Quick start¶
Installation¶
Installation should be straightforward. We recommend the use of virtual environment. A prepackaged python system such as Anaconda https://www.anaconda.com is usually best as a base.
ARL requires python 3.6 or higher.
# Use git to make a local clone of the Github respository:
git clone https://github.com/SKA-ScienceDataProcessor/algorithm-reference-library
# Change into that directory:
cd algorithm-reference-library
# Install required python packages:
pip install -r requirements.txt
There may be some dependencies that require either conda (or brew install on a mac).
# Setup ARL:
python setup.py install
# Get the data files form Git LFS:
git-lfs pull
The README.md file contains much more information about installation.
Running notebooks¶
The best way to get familiar with ARL is via jupyter notebooks.
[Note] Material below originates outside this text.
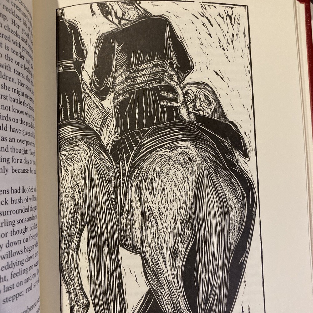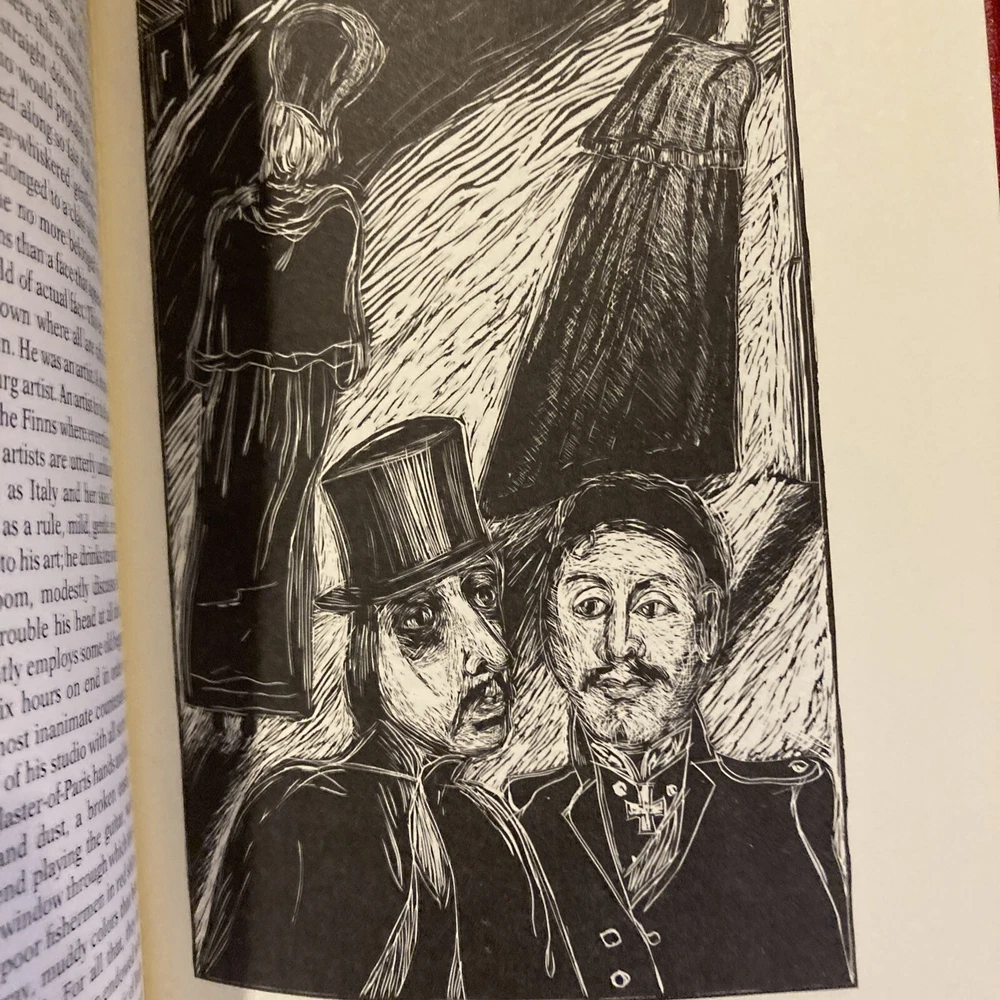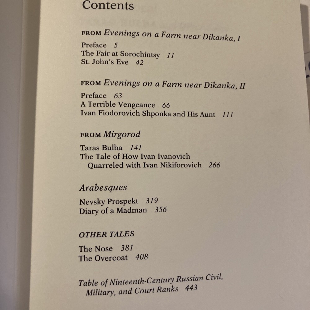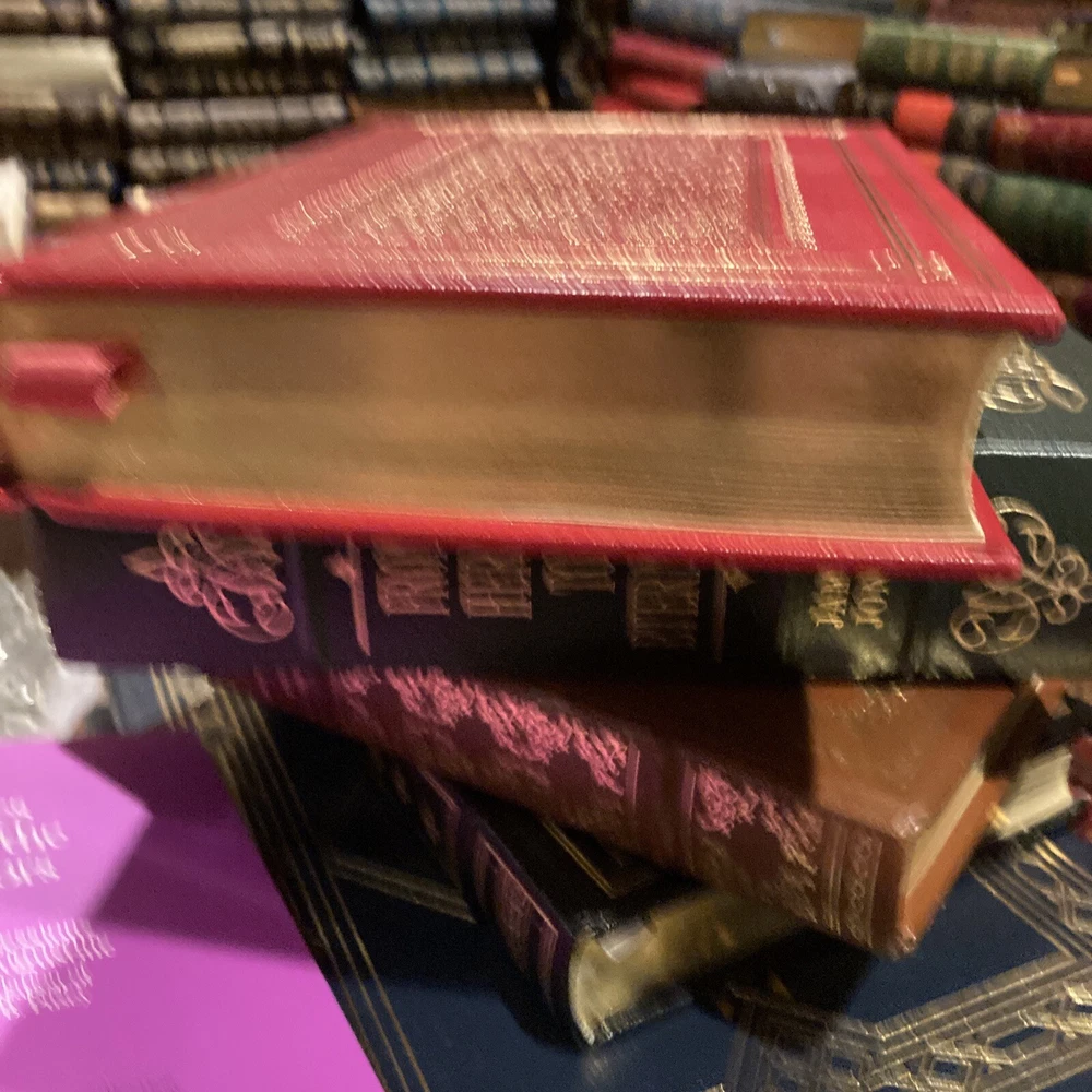 Franklin Library leather edition of Nikolai Gogol's " Taras Bulba and Other Tales," Translated by Constance Garnett, revised, edited, and annotated by Leonard J. Kent, illustrated by Frances Jetter, Frontispiece portrait of Gogol, a Limited edition, one of the COLLECTED STORIES OF THE WORLD'S GREATEST WRITERS series, published in 1984. Bound in deep scarlet red leather, the book has red moire silk end leaves, hubbed spine, a satin book marker, acid-free paper, Symth-sewn binding, gold gilding on three edge---in near FINE condition. Nikolai Vasilievich Gogol, who lived from 1809-1852, was born in the Ukraine, the first boy in a family of twelve children. At age nine, Gogol went to boarding school where he remained for seven years. Gogol arrived in St. Petersburg in 1828. There in his weary working day he confronted in "The Overcoat," the story of Akaky Akakievich, a simple, unambitious government clerk who manages to escape his small world for one day, only to be beaten back that same evening. His superiors ignore him; his colleagues enjoy harassing him for no reason at all. He receives their good wishes only after he wears to work a new, tailored-to-order winter coat, purchased after considerable privations. But the overcoat is taken from him a couple of men, leaving him shattered to the point that he goes home, falls ill, and dies a few weeks later. Despite a growing reputation as a writer, Gogol earned little money; he later took a professorship in world history at the University of St. Petersburg. "Nevsky Prospekt" focuses on the strange characters who walk along St. Petersburg's main avenue. In "Taras Bulba" a Cossack chieftain leads his warriors into combat time after time. The story covers the 17th century wars between the Poles and the Ukrainian Cossacks. "Diary of a Madman" consists of nineteen diary entries and follows the civil servant Poprischin, an ambitious middle-aged fellow whose dreams of success are constantly thwarted by his superiors. Poprischin fantasizes about his director's daughter; he reads letters written by her dog; to win the girl's affection, he even makes himself into the King of Spain. Gogol confronts rank and social status in "The Nose"---an extravagant farce---and makes us laugh at the folly of class stratification. Gogol said: "Laughter is a great thing: it deprives you of neither life nor property, but before it the guilty are like a hare with its legs tied." This volume is a collection of ten stories, including selections from "Evenings on a Farm near Dikanka." Dostoevsky said: "We all come from under Gogol's overcoat." Gogol enjoyed a close relationship with the great Russian poet, Alesandr Pushkin. Gogol was one of the first writers to criticize Russian society during a time of severe government censorship. 441 pages---a RARE title. I offer Combined shipping.

For example:
jupyter-notebook imaging.ipynb
See the jupyter note books below:
- Imaging and deconvolution demonstration
- Demonstrate full circle wide field imaging
- Wide-field imaging demonstration
- Simple demonstration of the use of arlexecute
- Imaging and deconvolution demonstration
- Pipeline processing using arlexecute workflows.
- Set up and run a simple real-time calibration pipeline, RCAL.
In addition, there are other notebooks that are not built as part of this documentation.